Collected data entries
"""
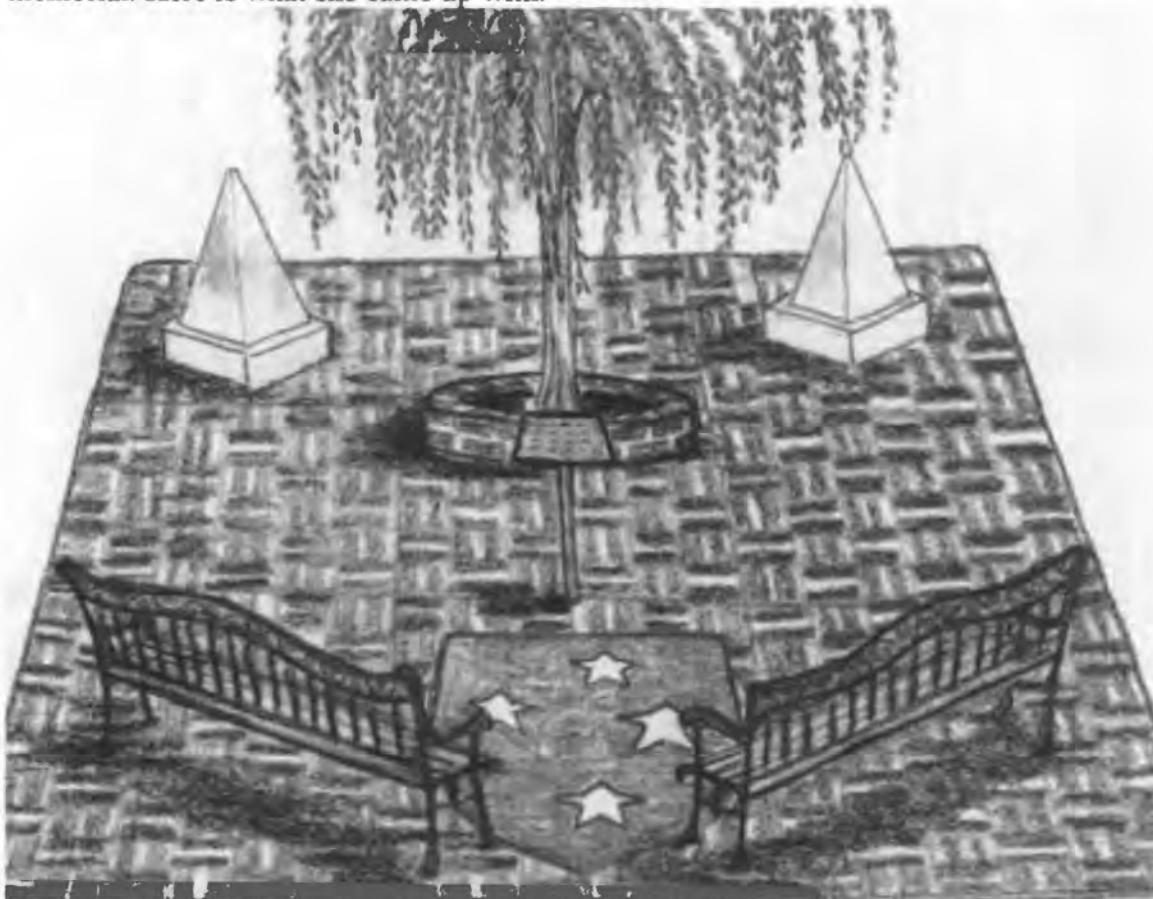
The items in this view are not to scale

Two years ago I asked a local artist to create a rendition of the ideas I have for this memorial. Here is what she came up with.
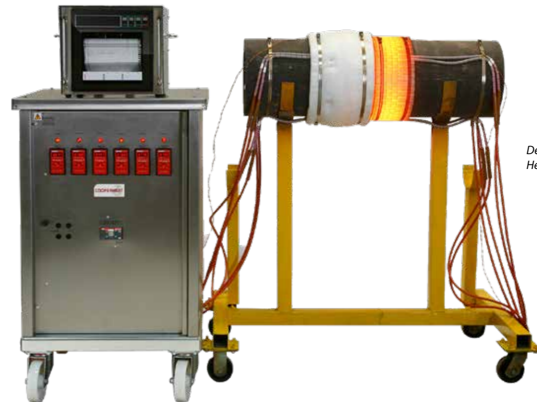
Demonstration of Heat Treatment set up

There are a variety of application methods for heat to weld geometries in order to achieve the desired temperature, ranging from locally applied electrical heaters, to larger gas fired furnaces. The method used is usually determined by the fabrication geometry, size, access restrictions and site constraints.
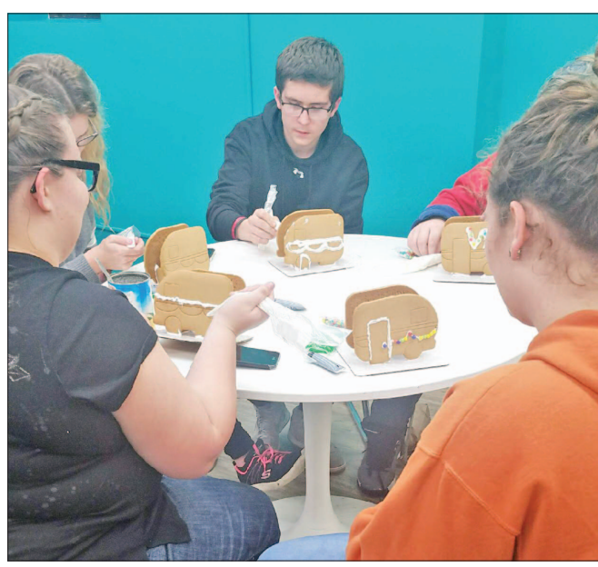
Youth build gingerbread houses during the recent holiday as part of the teen programming at the Branch District Libraries.
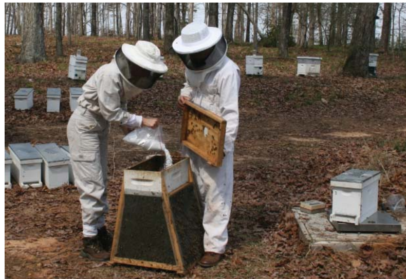
Dusting bees with powder sugar to dislodge mites.

As an appendage to this balanced design, we set up and managed an additional eight colonies as negative,
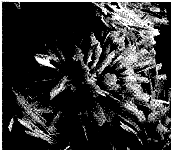
Fig. 2. Scanning electron photomicrograph of tufts of campigliaite. Crystals are about 0.2 mm long.

Preliminary qualitative analyses of campigliaite, made with an ORTEC X-ray microanalyzer, revealed the presence of Cu, Mn, Zn, S and no other element with atomic number greater than 11. Many quantitative analyses were carried out by means of an ARL SEMQ electron microprobe using chalcopyrite, sphalerite and hortonolite as standards. It is important to note that these analyses were done under unfavorable conditions, since campigliaite crystals are very tiny and decompose under the electron beam. The average values of the three best analyses, MnO 9.95, CuO 40.60, ZnO 4.47, SO 3 20.15, H 2 O 24.83% (by difference), correspond to
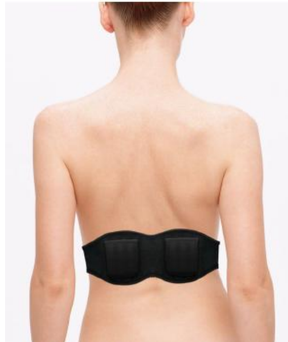
Picture2. Dr Allen's Device for kidney treatment consists of 2 thermoelements and a belt that applies these thermoelements to the projection of both kidneys.

during the prolonged period of time, for 6 months and longer, see Picture
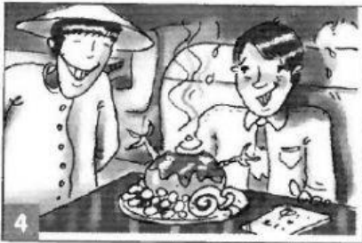
4 convenient / foreign
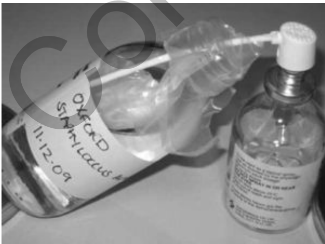
Figure 3. Image of nozzle into staph solution set up.
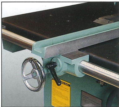
The feeding guide fence with adjustable hand-wheel and fixed very quickly.
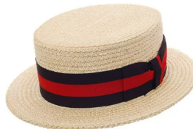
Optional Boater Hat
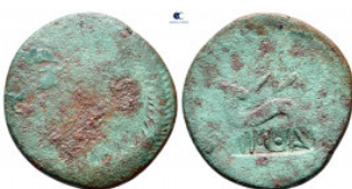
1341 Augustus 27 BC-AD 14. Rome As Æ 23 mm, 6,55 g fine 10
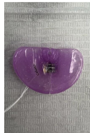
Figure 4: PPM.

the device's impact based on tooth eruption stage. However, significant challenges impacted treatment continuity and completion in both cases.
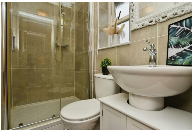
En Suite Bed 1

Tiled En suite with walk in shower cubicle, low level W.C. and pedestal wash basin. Towel heater and double glazed window.
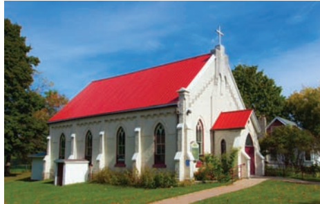
SACRED HEART - WARMINSTER
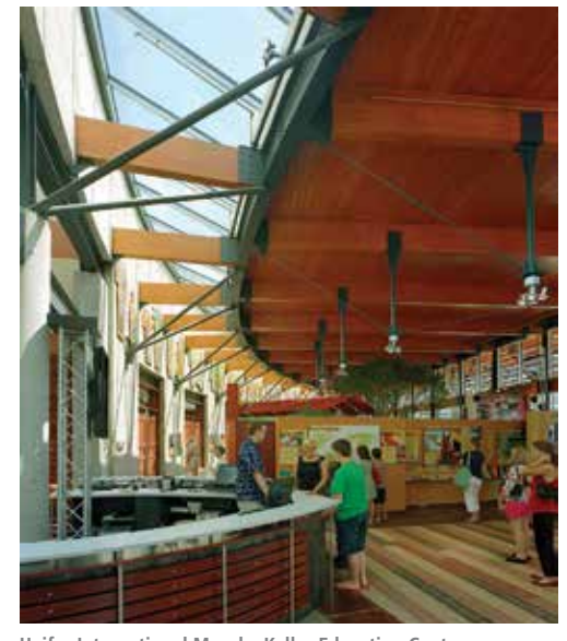
Heifer International Murphy Keller Education Center

Highlighting the thread of "honest structural expression" throughout these projects, the main anchor of the Heifer International Murphy Keller Education Center is a 2-foot-thick curved concrete wall, representing the barrier between industrialized nations and the world where the majority of humans live. Floating lightly from the wall, a timber roof, supported by glulam beams, is freed and separated by a continuous skylight, reflecting light onto the wall and exhibits. Maple-slatted walls hide air grilles, provide a means to hang exhibits and reduce sound reverberation. The exhibit space extends to a giant wood porch, where tree columns branch out, gently touching the pine roof canopy, extending the forest into the building form.
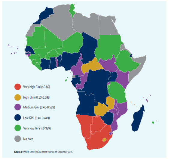
Figure 1. Inequality levels in African countries according to various

With regard to levels of inequality, Odusola et al. (2017) and Chancel et al. (2019), using different indicators for inequality, find a similar picture of the level of inequality in Africa: a concentration of high inequality in Southern Africa, which dwindles towards the Sahara and the north of the continent. The latest update of the WID database estimates that, on average in Africa, the richest decile received 50% of total income, this percentage reaching 65% in South Africa (Robilliard, 2020).
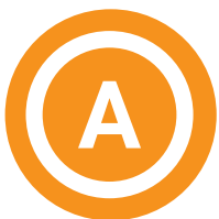
Image Rights: Miletic, Tania Piu, et al. Guidelines for working effectively with interpreters in mental health settings. Melbourne: Victorian Transcultural Psychiatry Unit, 2006. (Page 22)
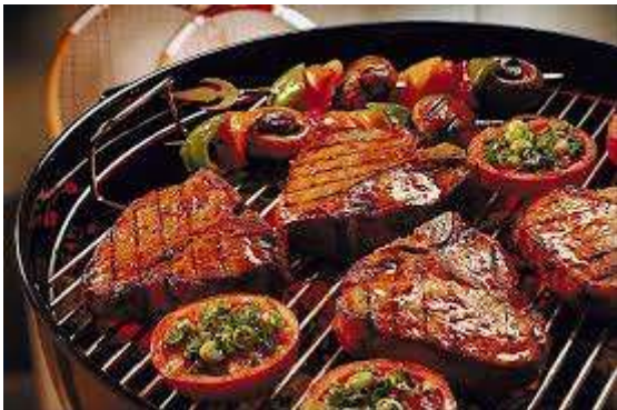
FESTIVAL DE COMIDA INTERNACIONAL
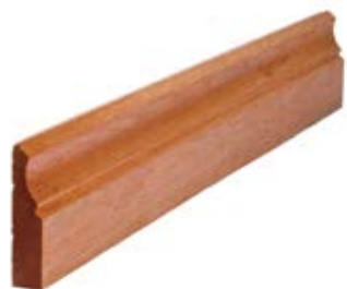
Georgian 87x21mm (No Finger Joint) GRGM87
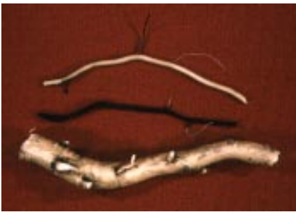
Figure 6: Top to bottom: healthy feeder root, dead feeder root, and large, perennial root.
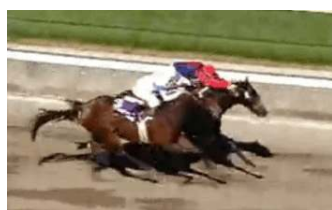
Hollywood Wildcat (rail) winning the '93 BC Distaff
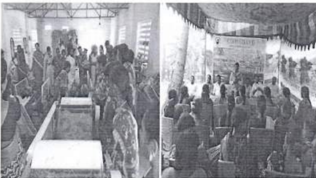
HRD Programme organised at RO Rajahmundry
"""
About this exercise: Across all the lines above, repeat the wording exactly and omit the pictures.

The completed task:
The items in this view are not to scale

Two years ago I asked a local artist to create a rendition of the ideas I have for this memorial. Here is what she came up with.
Demonstration of Heat Treatment set up

There are a variety of application methods for heat to weld geometries in order to achieve the desired temperature, ranging from locally applied electrical heaters, to larger gas fired furnaces. The method used is usually determined by the fabrication geometry, size, access restrictions and site constraints.
Youth build gingerbread houses during the recent holiday as part of the teen programming at the Branch District Libraries.
Dusting bees with powder sugar to dislodge mites.

As an appendage to this balanced design, we set up and managed an additional eight colonies as negative,
Fig. 2. Scanning electron photomicrograph of tufts of campigliaite. Crystals are about 0.2 mm long.

Preliminary qualitative analyses of campigliaite, made with an ORTEC X-ray microanalyzer, revealed the presence of Cu, Mn, Zn, S and no other element with atomic number greater than 11. Many quantitative analyses were carried out by means of an ARL SEMQ electron microprobe using chalcopyrite, sphalerite and hortonolite as standards. It is important to note that these analyses were done under unfavorable conditions, since campigliaite crystals are very tiny and decompose under the electron beam. The average values of the three best analyses, MnO 9.95, CuO 40.60, ZnO 4.47, SO 3 20.15, H 2 O 24.83% (by difference), correspond to
Picture2. Dr Allen's Device for kidney treatment consists of 2 thermoelements and a belt that applies these thermoelements to the projection of both kidneys.

during the prolonged period of time, for 6 months and longer, see Picture
4 convenient / foreign
Figure 3. Image of nozzle into staph solution set up.
The feeding guide fence with adjustable hand-wheel and fixed very quickly.
Optional Boater Hat
1341 Augustus 27 BC-AD 14. Rome As Æ 23 mm, 6,55 g fine 10
Figure 4: PPM.

the device's impact based on tooth eruption stage. However, significant challenges impacted treatment continuity and completion in both cases.
En Suite Bed 1

Tiled En suite with walk in shower cubicle, low level W.C. and pedestal wash basin. Towel heater and double glazed window.
SACRED HEART - WARMINSTER
Heifer International Murphy Keller Education Center

Highlighting the thread of "honest structural expression" throughout these projects, the main anchor of the Heifer International Murphy Keller Education Center is a 2-foot-thick curved concrete wall, representing the barrier between industrialized nations and the world where the majority of humans live. Floating lightly from the wall, a timber roof, supported by glulam beams, is freed and separated by a continuous skylight, reflecting light onto the wall and exhibits. Maple-slatted walls hide air grilles, provide a means to hang exhibits and reduce sound reverberation. The exhibit space extends to a giant wood porch, where tree columns branch out, gently touching the pine roof canopy, extending the forest into the building form.
Figure 1. Inequality levels in African countries according to various

With regard to levels of inequality, Odusola et al. (2017) and Chancel et al. (2019), using different indicators for inequality, find a similar picture of the level of inequality in Africa: a concentration of high inequality in Southern Africa, which dwindles towards the Sahara and the north of the continent. The latest update of the WID database estimates that, on average in Africa, the richest decile received 50% of total income, this percentage reaching 65% in South Africa (Robilliard, 2020).
Image Rights: Miletic, Tania Piu, et al. Guidelines for working effectively with interpreters in mental health settings. Melbourne: Victorian Transcultural Psychiatry Unit, 2006. (Page 22)
FESTIVAL DE COMIDA INTERNACIONAL
Georgian 87x21mm (No Finger Joint) GRGM87
Figure 6: Top to bottom: healthy feeder root, dead feeder root, and large, perennial root.
Hollywood Wildcat (rail) winning the '93 BC Distaff
HRD Programme organised at RO Rajahmundry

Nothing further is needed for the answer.